Rent the Runway ( NASDAQ: RENT ) shares fell by double-digits in extended trading after earnings disappointed and the company announced a restructuring plan that included significant layoffs.
For the second quarter, the eCommerce company beat on top and bottom lines . However, a report of 124,131 active subscribers at quarter-end came up short of the consensus estimate of 143,691. Additionally, forward guidance fell short of expectations as management trimmed forecasts.
For the third quarter, the company said it expects revenue in the range of $72M to $74M against a $79.5M estimate. For the full year, a revenue forecast range of $285M to $290M came in below the prior forecast of $295 to $305M.
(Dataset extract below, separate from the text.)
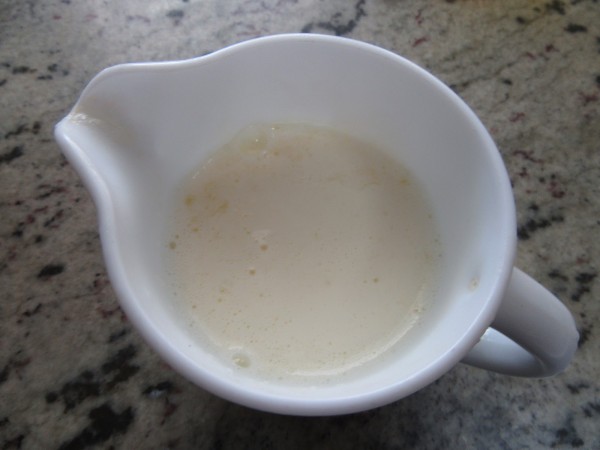 1- Hidratar 5 minutos la gelatina en agua fría. Escurrir y disolver en 50 gr. de nata caliente. Dejar templar.

The company also announced a restructuring plan to “reduce costs, streamline its organizational structure and drive operational efficiencies” for the remainder of the year. The plan primarily includes a 24% headcount reduction among corporate employees. The company estimates that it will incur total cash charges of $2.5M for the restructuring. Management forecast annual operating expense savings of $25 to $27M relative to Q2 2022 in fiscal 2023 as a result of the restructuring.
“We believe the $25M-$27M in anticipated annualized fixed cost savings we've announced help ensure RTR can navigate potentially rougher macro conditions, while also allowing us to significantly improve our medium-term profitability,” CFO Scarlett O’Sullivan said. “As a result, we are raising our annual Adjusted EBITDA margin outlook and accelerating our timeline to self-fund. Over the medium-term, we believe we can generate 15% profitability on Adjusted EBITDA after product depreciation.”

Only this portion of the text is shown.